## EXERCISE PROMPT
From the listing below, restate word for word the lines from the line containing "其他 | 装置3种:A(翻桶装置)、B(无选装装置)、C(翻斗装置)。各配置整备质量(kg)/额定载质量(kg)/长(mm)" down through the line containing "Scarlet Bloom Abstract". Exclude pictures.

## DATA SECTION
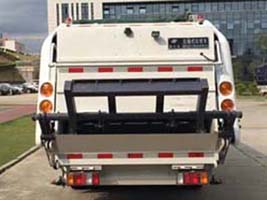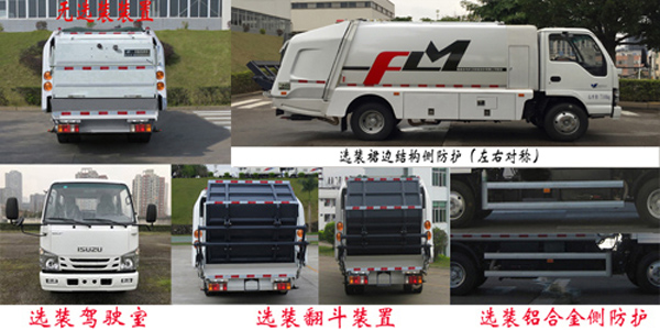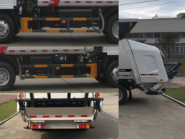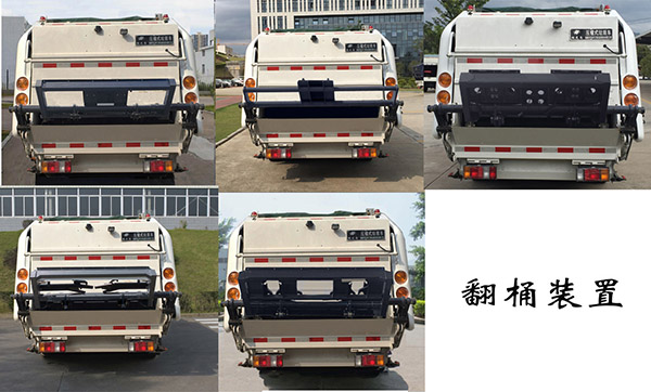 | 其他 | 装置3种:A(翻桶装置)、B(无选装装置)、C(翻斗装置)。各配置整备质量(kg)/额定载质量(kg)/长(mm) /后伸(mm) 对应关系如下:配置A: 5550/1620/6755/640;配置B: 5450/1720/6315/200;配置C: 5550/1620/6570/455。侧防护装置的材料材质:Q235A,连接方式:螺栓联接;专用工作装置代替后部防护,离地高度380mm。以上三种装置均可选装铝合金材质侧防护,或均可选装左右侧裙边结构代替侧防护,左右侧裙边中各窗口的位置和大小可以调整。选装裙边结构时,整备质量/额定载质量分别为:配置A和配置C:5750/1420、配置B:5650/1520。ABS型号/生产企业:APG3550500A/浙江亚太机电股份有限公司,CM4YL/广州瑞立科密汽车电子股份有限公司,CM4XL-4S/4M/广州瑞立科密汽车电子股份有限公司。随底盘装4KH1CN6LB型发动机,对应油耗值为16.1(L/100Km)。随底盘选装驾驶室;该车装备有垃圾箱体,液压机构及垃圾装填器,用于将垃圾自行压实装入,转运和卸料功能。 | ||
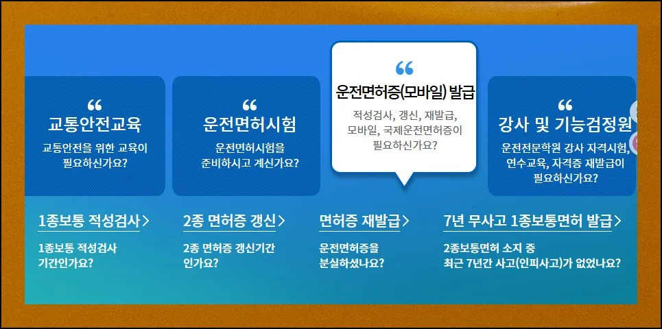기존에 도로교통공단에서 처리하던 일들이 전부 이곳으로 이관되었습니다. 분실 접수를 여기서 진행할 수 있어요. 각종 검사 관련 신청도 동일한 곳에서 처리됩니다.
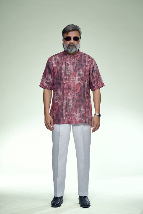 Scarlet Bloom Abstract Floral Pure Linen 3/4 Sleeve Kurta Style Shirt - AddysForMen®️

==

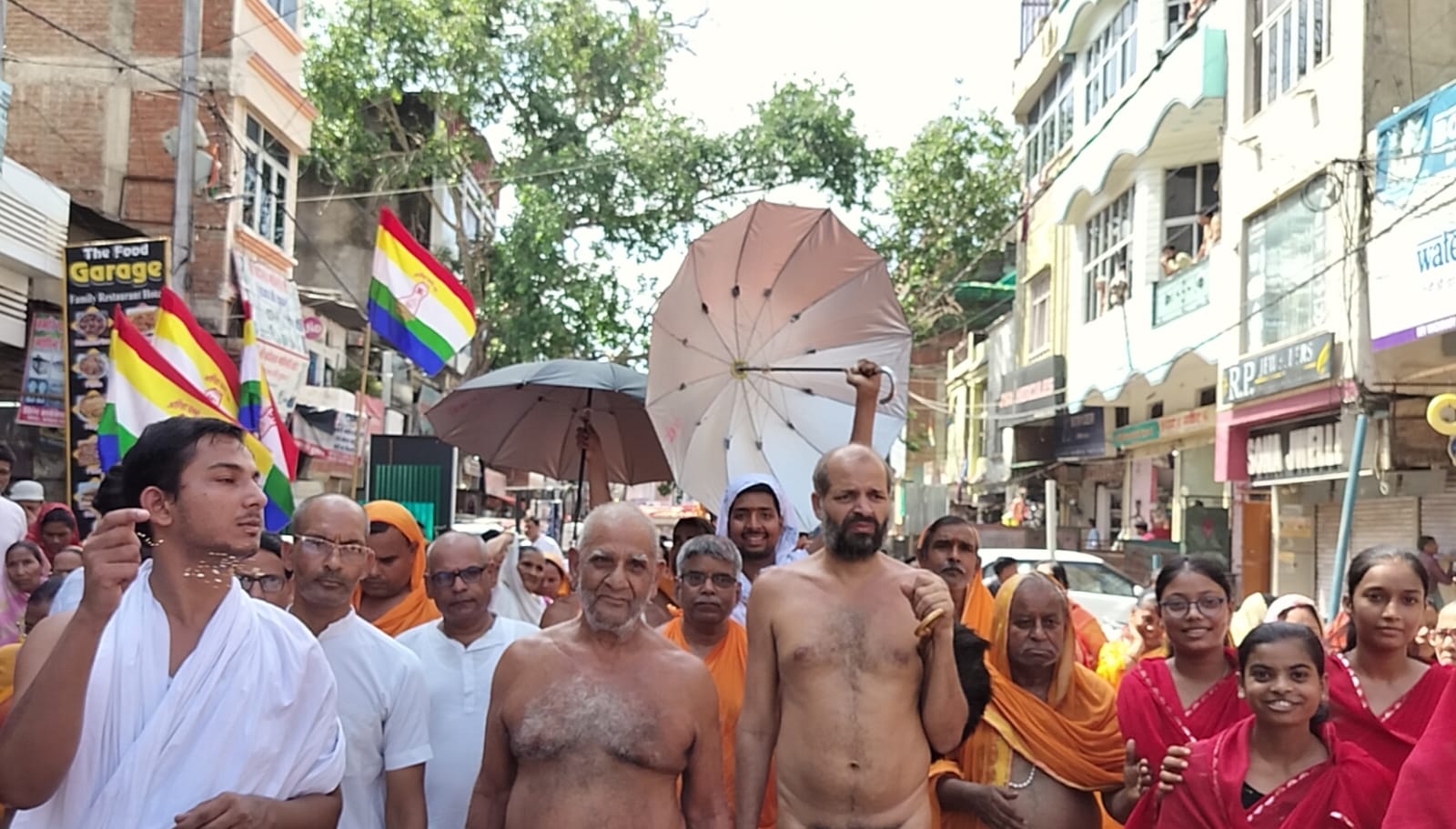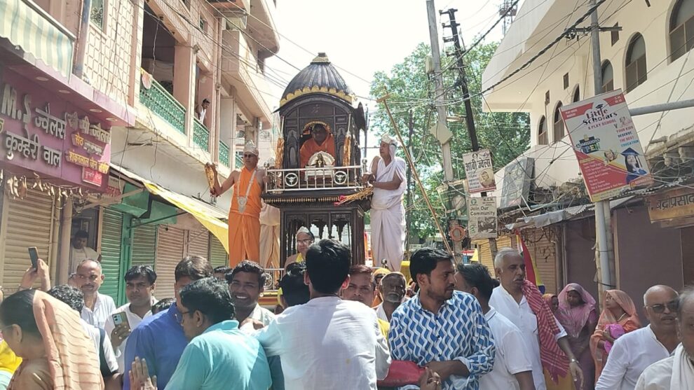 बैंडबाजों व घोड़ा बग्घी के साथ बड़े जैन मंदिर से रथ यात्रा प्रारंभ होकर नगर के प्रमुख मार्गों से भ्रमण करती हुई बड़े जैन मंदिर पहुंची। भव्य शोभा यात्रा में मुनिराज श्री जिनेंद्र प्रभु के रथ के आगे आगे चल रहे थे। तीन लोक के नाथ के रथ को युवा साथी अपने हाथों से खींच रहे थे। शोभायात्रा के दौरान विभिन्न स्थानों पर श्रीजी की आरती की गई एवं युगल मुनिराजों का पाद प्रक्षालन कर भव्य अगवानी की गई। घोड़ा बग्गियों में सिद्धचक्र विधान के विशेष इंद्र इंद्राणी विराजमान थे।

---

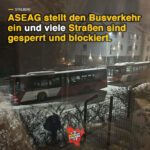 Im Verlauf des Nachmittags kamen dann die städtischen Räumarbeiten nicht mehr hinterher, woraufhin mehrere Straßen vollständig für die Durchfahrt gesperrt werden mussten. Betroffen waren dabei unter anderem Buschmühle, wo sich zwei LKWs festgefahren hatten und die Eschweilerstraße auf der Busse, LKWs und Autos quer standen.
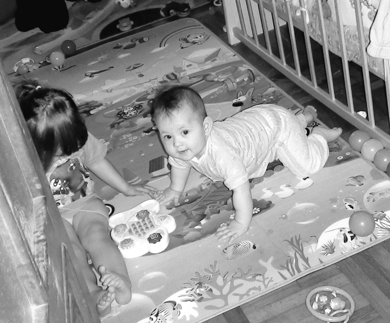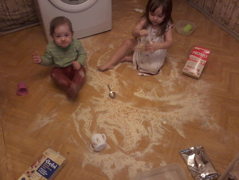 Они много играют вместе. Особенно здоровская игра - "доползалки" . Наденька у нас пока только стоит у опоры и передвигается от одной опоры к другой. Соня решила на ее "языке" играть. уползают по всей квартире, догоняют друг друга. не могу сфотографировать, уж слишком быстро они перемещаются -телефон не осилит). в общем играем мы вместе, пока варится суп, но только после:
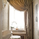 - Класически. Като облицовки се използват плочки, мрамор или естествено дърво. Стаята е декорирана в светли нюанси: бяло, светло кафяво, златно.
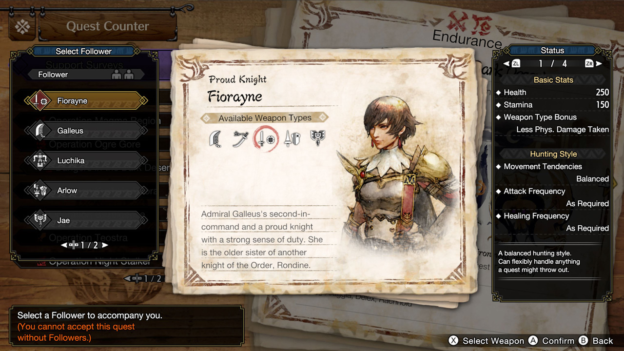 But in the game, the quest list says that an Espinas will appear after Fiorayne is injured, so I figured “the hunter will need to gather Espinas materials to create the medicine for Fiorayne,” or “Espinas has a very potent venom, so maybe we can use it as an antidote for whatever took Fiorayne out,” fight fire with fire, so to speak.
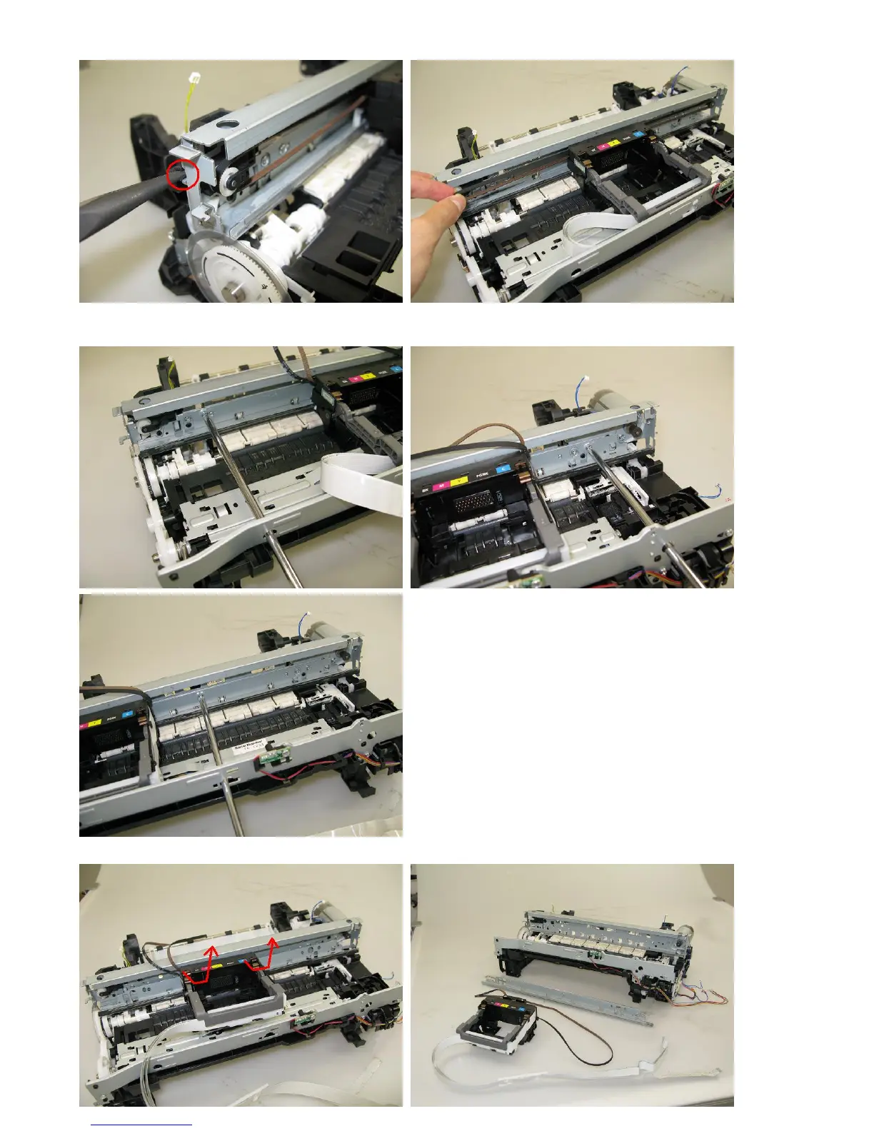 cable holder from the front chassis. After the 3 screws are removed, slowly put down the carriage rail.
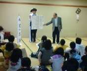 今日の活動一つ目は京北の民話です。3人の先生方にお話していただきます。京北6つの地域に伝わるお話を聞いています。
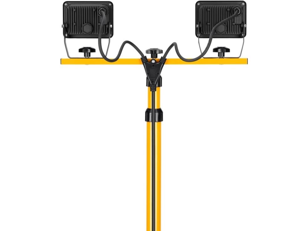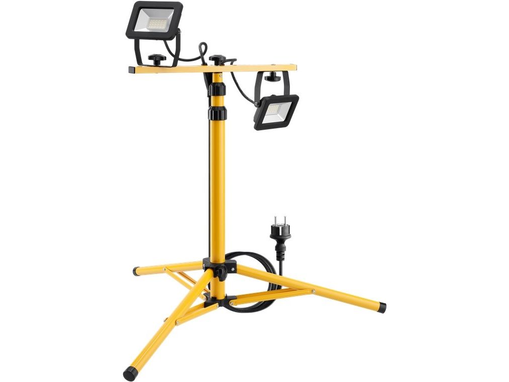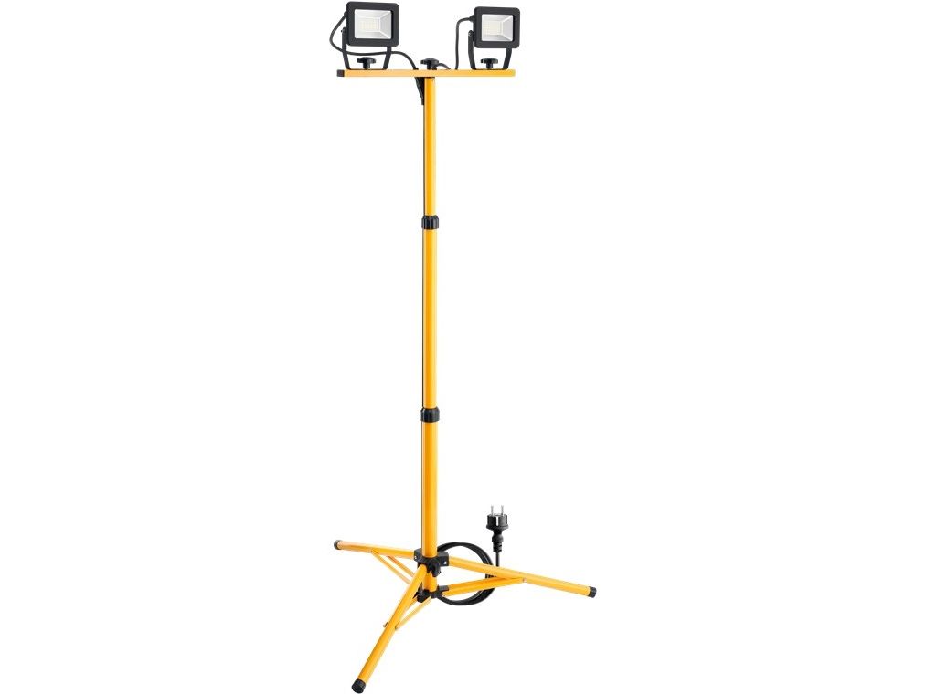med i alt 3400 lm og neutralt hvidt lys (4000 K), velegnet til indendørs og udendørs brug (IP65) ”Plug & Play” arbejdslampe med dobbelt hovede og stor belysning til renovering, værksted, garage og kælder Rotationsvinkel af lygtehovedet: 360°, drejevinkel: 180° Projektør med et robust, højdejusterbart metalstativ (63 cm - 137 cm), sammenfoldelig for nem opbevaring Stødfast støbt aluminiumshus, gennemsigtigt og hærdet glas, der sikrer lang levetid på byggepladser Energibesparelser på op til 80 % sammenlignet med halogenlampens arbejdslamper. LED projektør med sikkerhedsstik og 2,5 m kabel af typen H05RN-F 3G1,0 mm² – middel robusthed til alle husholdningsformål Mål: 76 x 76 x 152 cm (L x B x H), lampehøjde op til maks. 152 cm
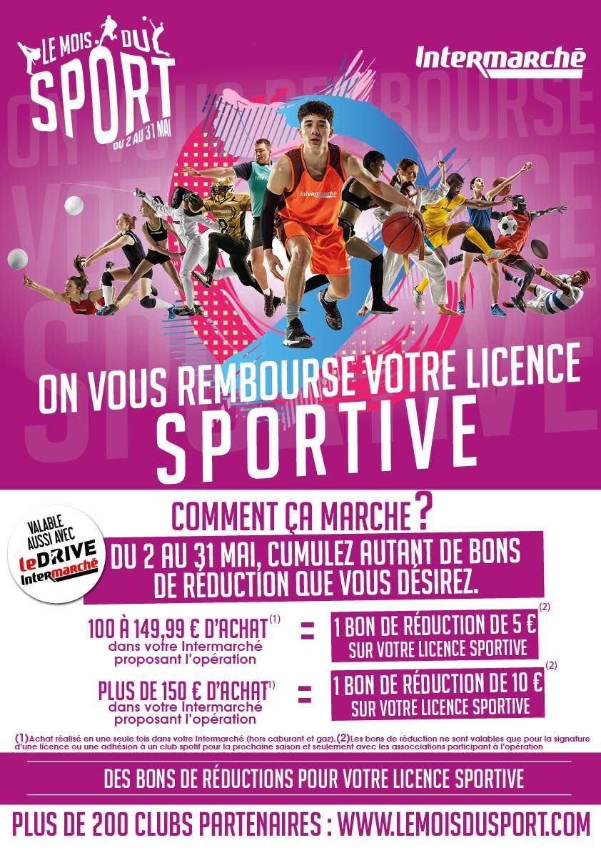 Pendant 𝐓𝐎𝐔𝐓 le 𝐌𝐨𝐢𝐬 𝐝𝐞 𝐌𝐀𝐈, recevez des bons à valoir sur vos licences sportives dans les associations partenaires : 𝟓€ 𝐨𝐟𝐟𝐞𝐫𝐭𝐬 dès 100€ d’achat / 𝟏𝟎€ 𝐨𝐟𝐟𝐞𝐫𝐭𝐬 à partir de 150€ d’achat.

## OUTPUT OF THE TASK
 | 其他 | 装置3种:A(翻桶装置)、B(无选装装置)、C(翻斗装置)。各配置整备质量(kg)/额定载质量(kg)/长(mm) /后伸(mm) 对应关系如下:配置A: 5550/1620/6755/640;配置B: 5450/1720/6315/200;配置C: 5550/1620/6570/455。侧防护装置的材料材质:Q235A,连接方式:螺栓联接;专用工作装置代替后部防护,离地高度380mm。以上三种装置均可选装铝合金材质侧防护,或均可选装左右侧裙边结构代替侧防护,左右侧裙边中各窗口的位置和大小可以调整。选装裙边结构时,整备质量/额定载质量分别为:配置A和配置C:5750/1420、配置B:5650/1520。ABS型号/生产企业:APG3550500A/浙江亚太机电股份有限公司,CM4YL/广州瑞立科密汽车电子股份有限公司,CM4XL-4S/4M/广州瑞立科密汽车电子股份有限公司。随底盘装4KH1CN6LB型发动机,对应油耗值为16.1(L/100Km)。随底盘选装驾驶室;该车装备有垃圾箱体,液压机构及垃圾装填器,用于将垃圾自行压实装入,转运和卸料功能。 | ||
기존에 도로교통공단에서 처리하던 일들이 전부 이곳으로 이관되었습니다. 분실 접수를 여기서 진행할 수 있어요. 각종 검사 관련 신청도 동일한 곳에서 처리됩니다.
 Scarlet Bloom Abstract Floral Pure Linen 3/4 Sleeve Kurta Style Shirt - AddysForMen®️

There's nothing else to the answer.